Exploiting Cross-Lingual Knowledge in Unsupervised Acoustic Modeling for Low-Resource Languages
This work addresses the problem of data scarcity in ASR for applications like language protection and pathological speech assessment, but it is incremental as it builds on existing unsupervised methods with cross-lingual enhancements.
The research tackled unsupervised acoustic modeling for automatic speech recognition in low-resource languages by focusing on subword unit discovery and frame-level feature learning from untranscribed speech, leveraging cross-lingual knowledge to address data scarcity without requiring linguistic constraints.

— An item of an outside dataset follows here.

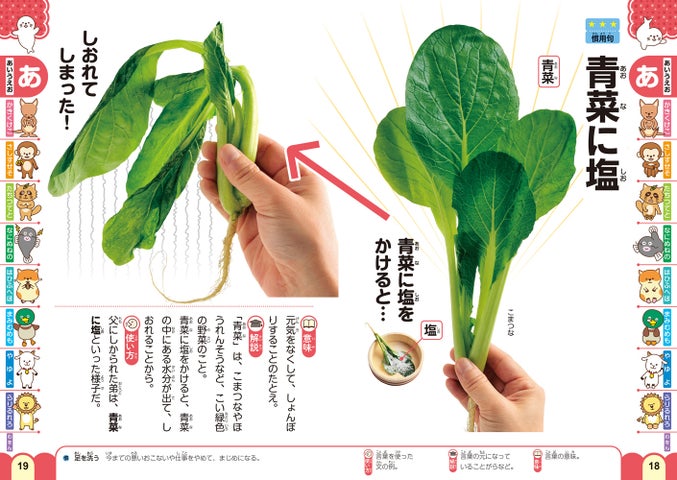 例えば、「青菜に塩」や「ぬれ手であわ」などのことわざの意味を写真で分かりやすく説明しています。

(Short version of Abstract) This thesis describes an investigation on unsupervised acoustic modeling (UAM) for automatic speech recognition (ASR) in the zero-resource scenario, where only untranscribed speech data is assumed to be available. UAM is not only important in addressing the general problem of data scarcity in ASR technology development but also essential to many non-mainstream applications, for examples, language protection, language acquisition and pathological speech assessment. The present study is focused on two research problems. The first problem concerns unsupervised discovery of basic (subword level) speech units in a given language. Under the zero-resource condition, the speech units could be inferred only from the acoustic signals, without requiring or involving any linguistic direction and/or constraints. The second problem is referred to as unsupervised subword modeling. In its essence a frame-level feature representation needs to be learned from untranscribed speech. The learned feature representation is the basis of subword unit discovery. It is desired to be linguistically discriminative and robust to non-linguistic factors. Particularly extensive use of cross-lingual knowledge in subword unit discovery and modeling is a focus of this research.